<<<<

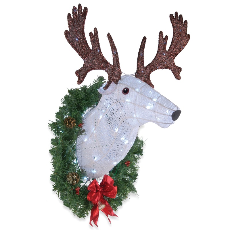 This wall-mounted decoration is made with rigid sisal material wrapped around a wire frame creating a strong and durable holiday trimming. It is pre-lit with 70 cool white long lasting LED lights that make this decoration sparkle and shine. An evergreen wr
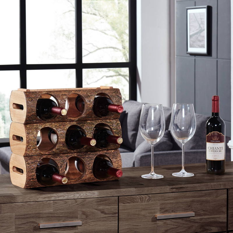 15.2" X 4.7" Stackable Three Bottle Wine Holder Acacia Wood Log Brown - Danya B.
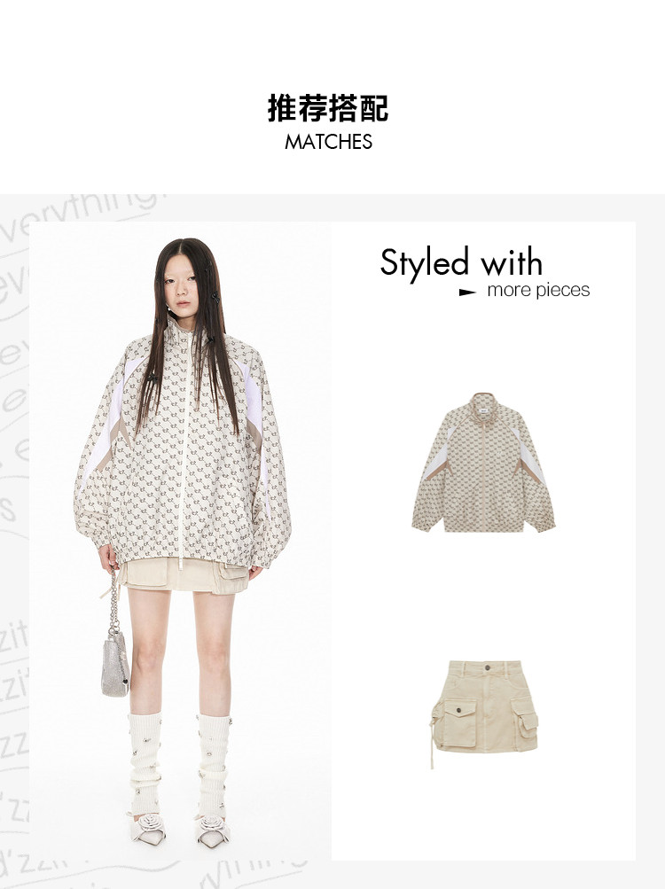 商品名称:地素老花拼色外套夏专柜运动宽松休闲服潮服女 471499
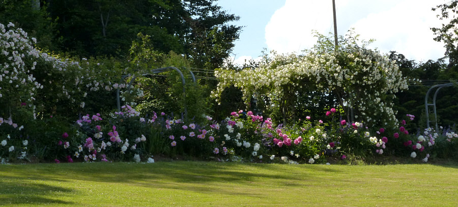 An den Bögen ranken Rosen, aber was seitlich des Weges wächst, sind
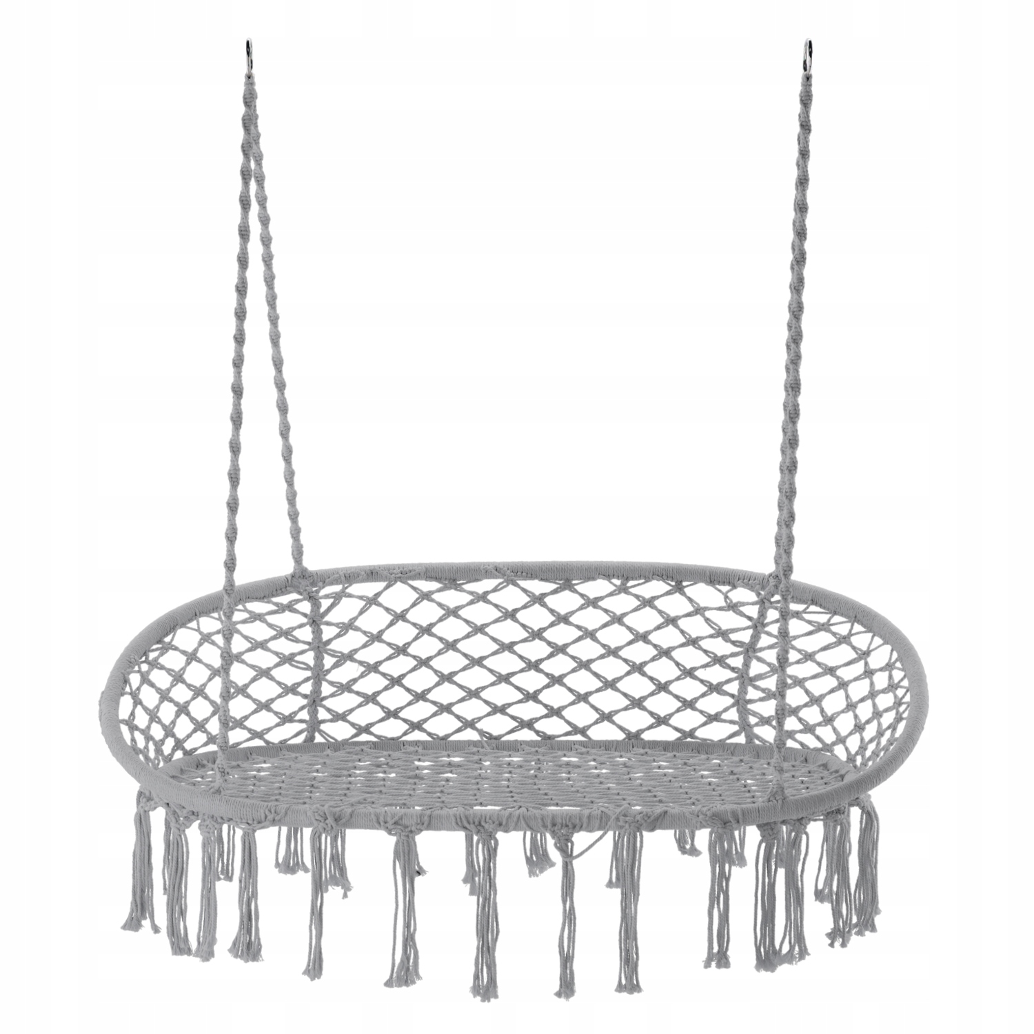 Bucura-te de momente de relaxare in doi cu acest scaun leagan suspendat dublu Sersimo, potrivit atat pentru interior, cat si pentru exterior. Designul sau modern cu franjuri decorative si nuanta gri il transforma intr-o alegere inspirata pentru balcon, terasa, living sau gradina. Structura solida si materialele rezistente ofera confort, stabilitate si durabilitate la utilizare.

>>>>
<<<<

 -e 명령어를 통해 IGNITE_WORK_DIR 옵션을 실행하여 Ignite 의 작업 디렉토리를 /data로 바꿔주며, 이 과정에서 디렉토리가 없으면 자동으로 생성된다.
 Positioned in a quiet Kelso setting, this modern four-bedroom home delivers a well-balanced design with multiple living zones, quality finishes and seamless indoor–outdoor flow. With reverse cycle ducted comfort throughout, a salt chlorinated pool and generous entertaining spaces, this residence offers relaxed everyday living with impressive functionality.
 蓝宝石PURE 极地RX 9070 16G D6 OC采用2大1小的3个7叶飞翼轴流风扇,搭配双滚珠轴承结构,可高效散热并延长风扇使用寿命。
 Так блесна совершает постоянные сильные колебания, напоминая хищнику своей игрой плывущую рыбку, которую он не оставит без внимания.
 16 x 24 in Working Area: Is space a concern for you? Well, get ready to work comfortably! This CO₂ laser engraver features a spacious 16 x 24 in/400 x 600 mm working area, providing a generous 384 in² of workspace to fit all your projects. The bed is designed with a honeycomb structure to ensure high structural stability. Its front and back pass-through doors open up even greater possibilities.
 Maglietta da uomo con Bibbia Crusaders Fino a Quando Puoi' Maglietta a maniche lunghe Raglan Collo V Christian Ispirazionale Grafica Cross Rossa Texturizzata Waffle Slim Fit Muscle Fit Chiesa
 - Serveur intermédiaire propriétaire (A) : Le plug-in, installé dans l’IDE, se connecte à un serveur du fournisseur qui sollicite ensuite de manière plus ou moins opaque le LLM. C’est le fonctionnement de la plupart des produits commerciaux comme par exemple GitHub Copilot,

>>>>

#### What you have to do:
Above are records with pictures. Reproduce exactly only the lines from the line with "This wall-mounted decoration" through the line with "Bucura-te de momente", both ends included, and leave the pictures out.

#### Task response:
 This wall-mounted decoration is made with rigid sisal material wrapped around a wire frame creating a strong and durable holiday trimming. It is pre-lit with 70 cool white long lasting LED lights that make this decoration sparkle and shine. An evergreen wr
 15.2" X 4.7" Stackable Three Bottle Wine Holder Acacia Wood Log Brown - Danya B.
 商品名称:地素老花拼色外套夏专柜运动宽松休闲服潮服女 471499
 An den Bögen ranken Rosen, aber was seitlich des Weges wächst, sind
 Bucura-te de momente de relaxare in doi cu acest scaun leagan suspendat dublu Sersimo, potrivit atat pentru interior, cat si pentru exterior. Designul sau modern cu franjuri decorative si nuanta gri il transforma intr-o alegere inspirata pentru balcon, terasa, living sau gradina. Structura solida si materialele rezistente ofera confort, stabilitate si durabilitate la utilizare.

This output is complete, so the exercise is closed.